# mudhole x flock



## lucky strike (Jun 5, 2008)

Hi fellas,
I'm getting ready to put some shrink wrap on a surf rod that I am extending.
I saw x flock at mud hole. How good is this stuff? do any of you have any experience with it?

OH, by the way ,I am also looking for a discarded piece of butt section from an AFAW 13 ft surf about 5 r 6 " long if someone might have a piece laying around.
Thanks,LS


----------



## basstardo (Jun 5, 2006)

All my surf sticks have the x-flock shrink wrap on it. I love the stuff. Cork tape gets funky and is a little too flaky for me. The x-flock grips very well, even when wet, and has stood up to being put in a rod spike for a few years for some of the rods now. The only difference is I get mine from FishSticks instead of Mudhole, but I really doubt there is any difference in the product.


----------



## kingfisherman23 (Dec 14, 2003)

I have x-flock on two of my rods right now and I love it. Second what basstardo said. It is tough and grips well.
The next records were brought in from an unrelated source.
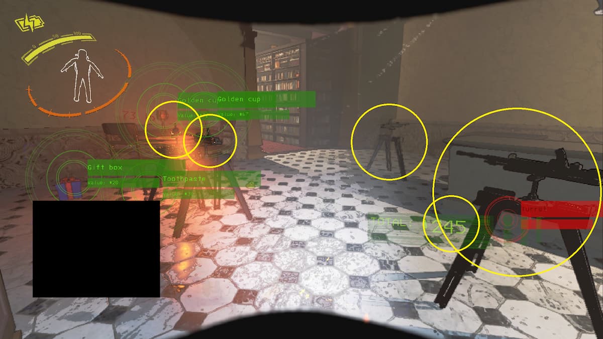 四个炮塔和物品总共价值245。如果我没有截图,你不会相信。这是一张图片中的技巧。在这里的风险和回报。我勉强拍下了这张屏幕截图,转身并活着离开了这里。其他房间没有什么不同,在我看来,这张地图是为了使用 mods 来玩的,允许你在大厅里有大约 20 名玩家。
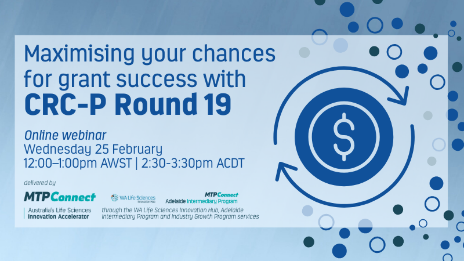 MTPConnect invites you to a practical webinar designed to help you build competitive Cooperative Research Centres-Projects (CRC-P) applications, delivered through our WA Life Sciences Innovation Hub (WALSIH), Adelaide Intermediary Program (AIP) and Industry Growth Program (IGP) service. This webinar is available exclusively to companies and innovators based in SA and WA, and/or IGP clients.
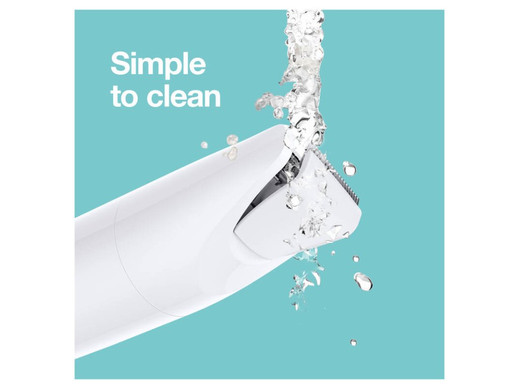 Zastřihovač chloupků je 100% vodotěsný, lze ho tedy používat jak na mokro, tak i na sucho. Po použití jej stačí jednoduše opláchnout. Součástí balení je také zastřihovací nástavec, který je rovněž velmi snadný na údržbu.
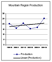 The graphs show that cereal production in Lesotho is on the decline nationally and in all regions except in the mountain region where there is a slight upward trend. The downward trend is steepest in the breadbasket central region consisting of the districts of Butha-Buthe, Leribe, Berea and Maseru, which on average contribute 57 percent of national cereal production. The southern region (Mafeteng, Mohale’s Hoek, Quthing, Qacha’s Nek) contributes 29 percent while the mountain region consisting of only two districts (Mokhotlong, Thaba-Tseka) contributes 14 percent. The declining production, particularly in the important central region, should be of great concern and needs to be fully investigated. Likely major factors at work include soil erosion which is endemic in Lesotho, recurrent weather disasters (droughts, frosts, hailstorms) and the impact of HIV/AIDS.
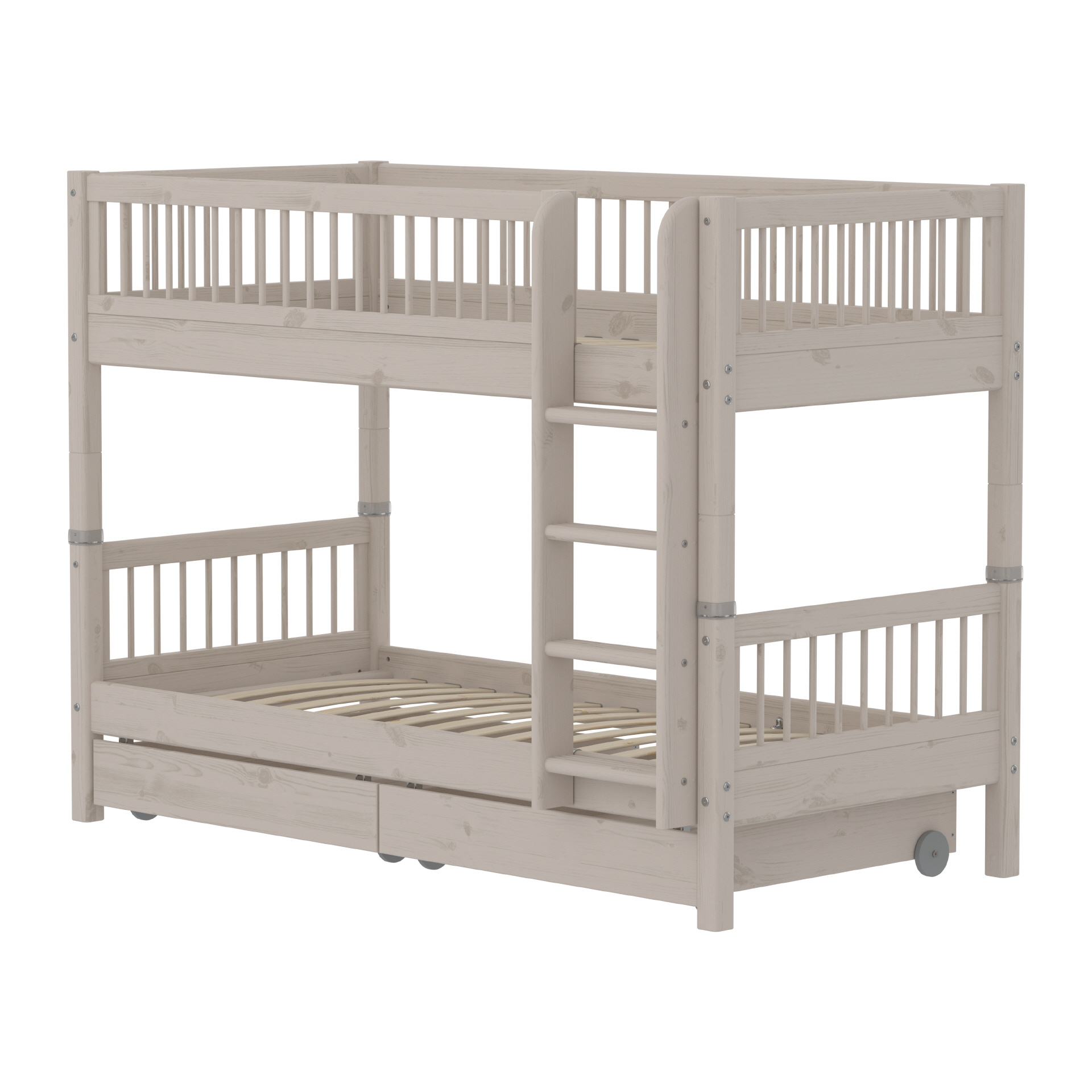 Die Schubladen unter dem Bett sind ideal zur Aufbewahrung von Bettwäsche oder Spielzeug des Kindes. Die Schubladen haben praktische Rollen, die es den Kindern ermöglichen, sie einfach unter dem Bett herauszuziehen. Jede Schublade hat ein Volumen von 88,5 Litern. Das Bett ist aus massivem Kiefernholz gefertigt und in Grey Washed erhältlich.
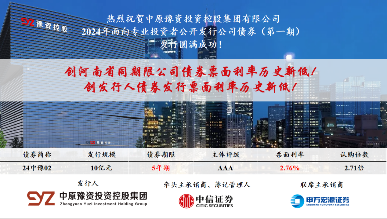 熱烈祝賀中原豫資投資控股集團有限公司2024年面向專業(yè)投資者公開發(fā)行公司債券(第一期)發(fā)行圓滿成功!2024年3月6日,中原豫資投資控股集團有限公司(以下簡稱“本集團”“豫資控股集團”)2024年面向專業(yè)投資者公開發(fā)行公司債券(第一期)(以下簡稱“本期債券”)成功簿…...

If you order from Mudhole, give them a call before paying the shipping. I ended up paying $9 for a manilla envelope. I called them and they said that if I'd called prior to paying I probably could have gotten shipping reduced.

Evan


----------



## junkmansj (Jul 23, 2005)

WHY should you HAVE to call?


----------



## RuddeDogg (Mar 20, 2004)

Got it on my OM Cape Point and love it.


----------



## basstardo (Jun 5, 2006)

junkmansj said:


> WHY should you HAVE to call?


I agree, but...

If you need to order a one off piece...like a spool of thread, a guide, whatever that's just a single piece. Say you forget to order 1 guide out of a set you need. If you call them, they will ship it to you for cost rather than 9.95. To me, that's worth making the call. I'm not saying I like their shipping though. Acidrod has the real deal, you pay what they pay. Just takes a long time to get the stuff to the east coast versus a day or two from Mudhole. YMMV.


----------



## kingfisherman23 (Dec 14, 2003)

Glad you got it done RuddeDogg. I've loved mine, and just recently I removed the reel seat to convert the rod to coasters.

Evan


----------



## RuddeDogg (Mar 20, 2004)

Yep, junkman gave me a hand with it. It feels great. My break away and my two diawa saltigas are like that.


----------



## lucky strike (Jun 5, 2008)

Thanks Basstardo---LS


----------